◆ What to do ◆
Please repeat exactly the lines below from the line with "GO enrichment bar" to the line with "刀片电池板块下挫,合纵科技(300477.CN)跌5.33%", including both, and leave out every picture.
-------- Provided records --------
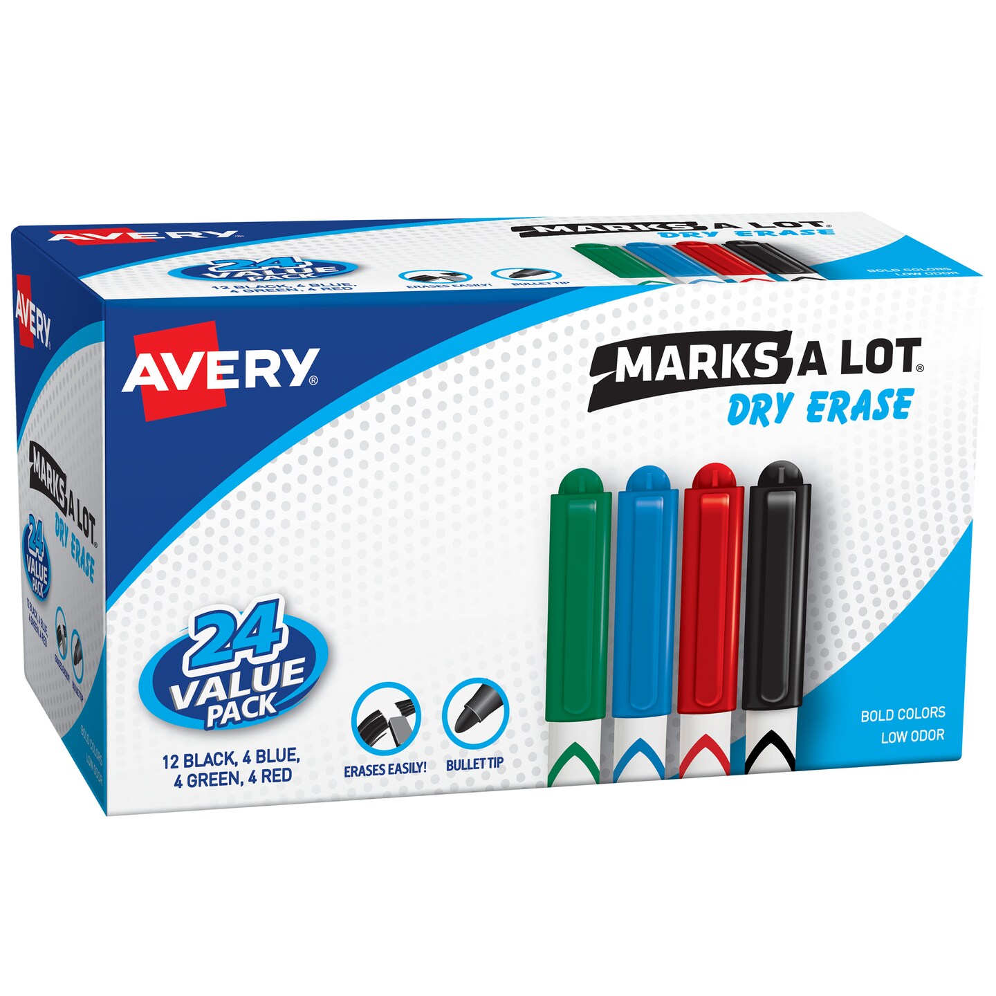 Avery Marks A Lot Pen-Style Dry Erase Markers, Bullet Tip, Assorted Colors, Value Pack of 24 (29860)
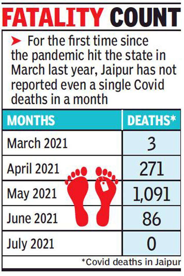 JAIPUR: For the first time, Jaipur did not report even a single Covid death in a month since April 2020. The fatality toll due to Covid in Pink City stands at 1,970.
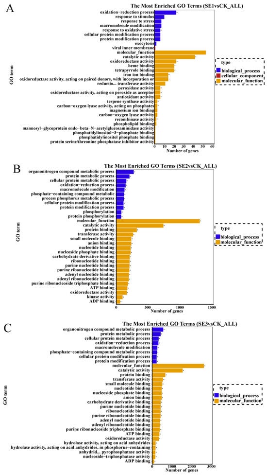 GO enrichment bar chart of differentially expressed genes in Lycium barbarum samples: ((A): sodium selenite (SE1), (B): nano-selenium (SE2), and (C): organic selenium (SE3), versus sprayed water control (CK)).
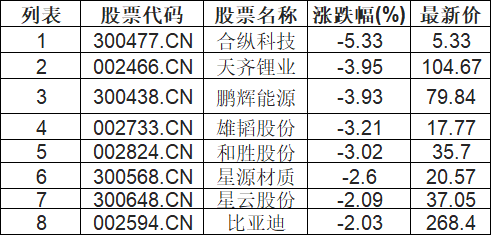刀片电池板块下挫,合纵科技(300477.CN)跌5.33%
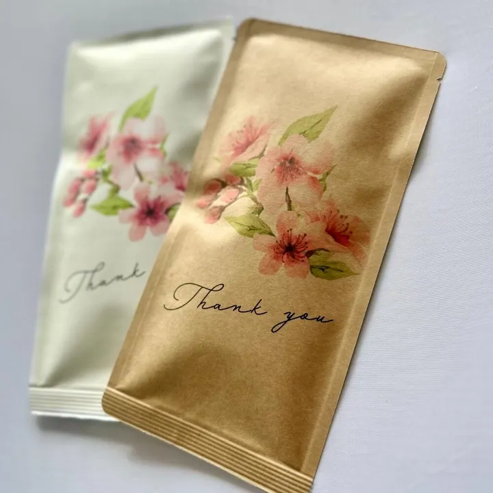 ありがとうの気持ちをお茶メールに込めて... 日頃お世話になっている方々へのお礼にお茶ギフトを贈ってみませんか? 春のご挨拶にぴったりの桜の花デザインです。 ①煎茶ティーバッグ 20g(2g×10P) 静岡県掛川市産の茶葉を使用し、お茶本来の甘みと旨みを引き出しました。 まろやかな口当たりと、ほどよい渋み、ふわっと広がる良い香りが特徴です。 お茶に含まれる「カテキン」「カフェイン」「ビタミンC」などの有効成分には、 抗菌作用・免疫機能の向上、疲労回復、美肌効果など、身体に嬉しい効果が期待されています。 食後の一時や、リラックスタイムにもオススメです。 ②和紅茶ティーバッグ 15g(3gx5P) 静岡県掛川市産の和紅茶ティーバッグです。 苦味・渋味成分がなく、ほのかな甘みで、お砂糖なしでもおいしく頂けます。 食事の時や日常のお茶として気軽に楽しめる紅茶です。 ■ おいしい入れ方 カップにティーバッグを 1つ入れてください。 カップにお湯を注ぎ約30秒待ちます。 ティーバッグを数回上下させ きれいな色になったら飲み頃です。 氷を入れたらコールドドリンクの出来上がり! ■裏面のデザインを、『郵送用』『手渡し用』からお選びいただけます。 【郵送用】 110円切手を貼ってポストに投函するだけで 煎茶ティーバッグを 手紙のように送ることができます。 余白に自由に書き込み可能! ボールペン、サインペン、鉛筆などで簡単に書くことができます。 プチギフトにもおすすめです。 【手渡し用】 余白に自由に書き込み可能! ボールペン、サインペン、鉛筆などで簡単に書くことができます。 企業様、飲食店様のノベルティーギフトにもおすすめです。
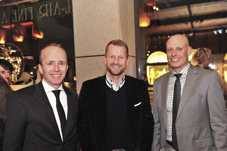 Hugo Boss Managing Director Volker Herre, Marketing Director von Procter & Gamble Prestige Gerd Von Podewils und Bill Brace (Vice President Procter & Gamble Prestige
--------
◆ Finished task ◆
 GO enrichment bar chart of differentially expressed genes in Lycium barbarum samples: ((A): sodium selenite (SE1), (B): nano-selenium (SE2), and (C): organic selenium (SE3), versus sprayed water control (CK)).
刀片电池板块下挫,合纵科技(300477.CN)跌5.33%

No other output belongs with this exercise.